Días 61 a 90 — prueba y postulación. Publicas un caso de depuración de entre 700 y 1,000 palabras: qué se rompió, cómo lo investigaste, qué cambiaste. Reescribes tu currículum en lenguaje de resultados de despliegue —no "trabajé en proyectos de IA" sino "desplegué X, lo usan Y personas, resolví Z caso borde de autenticación"—. Postulas a entre 15 y 30 vacantes con los títulos de arriba, y publicas uno o dos casos por semana en LinkedIn.

Las tres piezas de portafolio que deciden

  1. Una integración real.

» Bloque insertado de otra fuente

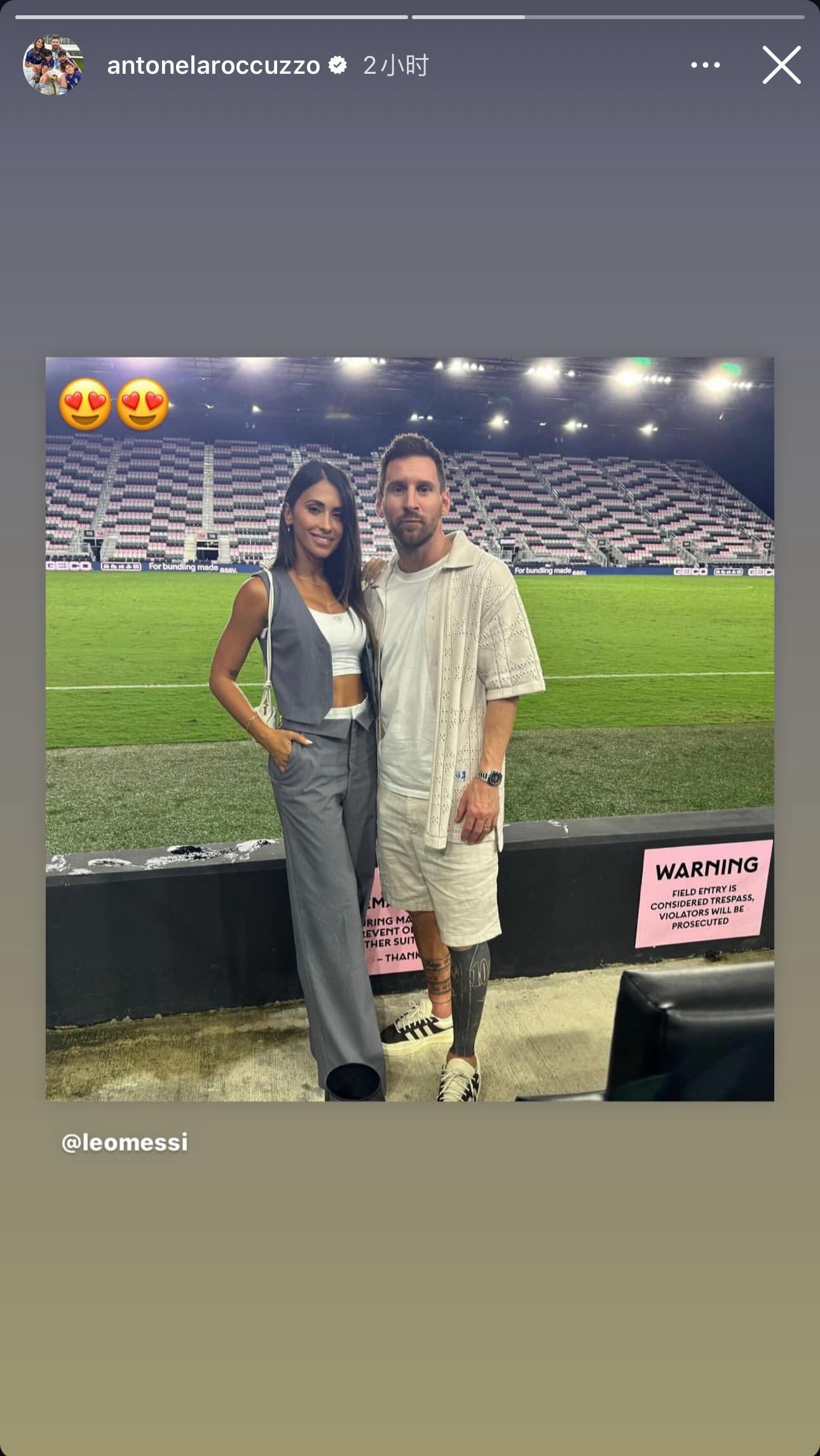 梅西ins晒与安妞看球合影:🩷🖤安妞转发:😍😍#梅西[超话]##迈阿密国

Dos sistemas incompatibles conectados con API, autenticación de verdad y manejo de errores. Desplegada. Con al menos un usuario que no seas tú.
  2. Un pipeline de IA en producción. RAG sobre documentos reales, un agente ejecutando tareas reales, o un flujo procesando datos reales. Con suite de evaluaciones.
  3. Un caso escrito de depuración. La pieza que más diferencia, porque casi nadie la escribe. Contar cómo investigaste una falla demuestra criterio, y el criterio es justo lo que no se puede evaluar en una entrevista técnica de una hora.

Dónde buscar, y qué haría yo primero

LinkedIn filtrando por habilidades de LLM, RAG y desarrollo de agentes; los tableros de Greenhouse de Anthropic, OpenAI, Ramp, Rippling, Cohere y Databricks; el portal de carreras de Salesforce para las vacantes de Agentforce; y el tablero de Work at a Startup de Y Combinator para posiciones de Serie A y B.

Pero si me preguntas por dónde empezar mañana, no es por el portal de vacantes. Es por la pieza 3.

Escribe hoy el caso de la última cosa que se te rompió en el trabajo y cómo la resolviste. Aunque no sea de IA. Ese documento es la evidencia más cercana a lo que hace un FDE todos los días, se escribe en dos horas, y prácticamente nadie de los que compiten contigo lo va a tener.